The legislature could not have intended that a party be penalized for conducting the statutorily mandated investigation, and the trial court's interpretation of section 766.104(2) does not comport with the suggestion in Kukral that the statutory scheme be interpreted and applied in a manner which balances the statutory requirements with a party's right of access to the courts. Indeed, the manner in which the trial court interpreted section 766.104(2) would have the effect of encouraging the filing of multiple petitions in numerous counties which might bear any connection with the action, or intentionally misfiling a complaint which should properly be filed elsewhere, but which would have to be filed in the same county as the petition. Such wastefulness and disingenuousness should not be encouraged and is certainly not contemplated by the statutory scheme which obviously attempts to ensure good faith and limit frivolous filings.
In King v. Pearlstein, 592 So.2d 1176 (Fla. 2d DCA), quashed in part on other grounds, 610 So.2d 445 (Fla. 1992), the second district ruled that the ninety-day extension applies when the petition and complaint are filed in the same county, even if the complaint is misfiled with regard to venue. The trial court cited King while refusing to apply the extension in the present case. This suggests that the appellant might have obtained the extension by misfiling her complaint. Allowing the extension in the circumstances of King while disallowing it in the present case does not accord with the supreme court's expressed concern in cases such as Kukral and Alfonso v. Department of Environmental Regulation, 616 So.2d 44 (Fla. 1993), that a party who makes less egregious or fewer mistakes not be placed in a worse position than one whose mistakes are greater or more numerous.
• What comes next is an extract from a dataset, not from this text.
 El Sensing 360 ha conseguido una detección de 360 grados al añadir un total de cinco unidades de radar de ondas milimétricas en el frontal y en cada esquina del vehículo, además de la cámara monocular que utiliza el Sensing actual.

In addition to adopting an overly strict and unduly technical interpretation of section 766.104(2), the trial court ruled that the statute offends due process by creating an automatic extension without providing the opposing party with notice or an opportunity to be heard. But the trial court's reliance on Mullane v. Central Hanover Bank Trust Co., 339 U.S. 306, 70 S.Ct. 652, 94 L.Ed. 865 (1950), and Thames v. Jackson, 598 So.2d 121 (Fla. 1st DCA 1992), is misplaced, as those cases involved the invocation of a judicial process by which existing claims were extinguished without proper notice. Mullane and Thames did not involve the enlargement of a limitations period, and cases such as Wiley v. Roof 641 So.2d 66 (Fla. 1994), establish that before the limitations period expires the legislature may provide for such an enlargement without impacting a vested right or constitutionally protected property interest. See also Mazda Motors of America v. S.C. Henderson Sons, 364 So.2d 107 (Fla. 1st DCA 1978), cert. denied, 378 So.2d 348 (Fla. 1979). Section 766.104 (2) was in existence when the alleged cause of action accrued in the present case, and due process requirements do not compel either notice or an opportunity to be heard before application of the extension.
The summary final judgment order is reversed. The other appealed order is affirmed, and the case is remanded.
BARFIELD, C.J., and LAWRENCE, J., concur.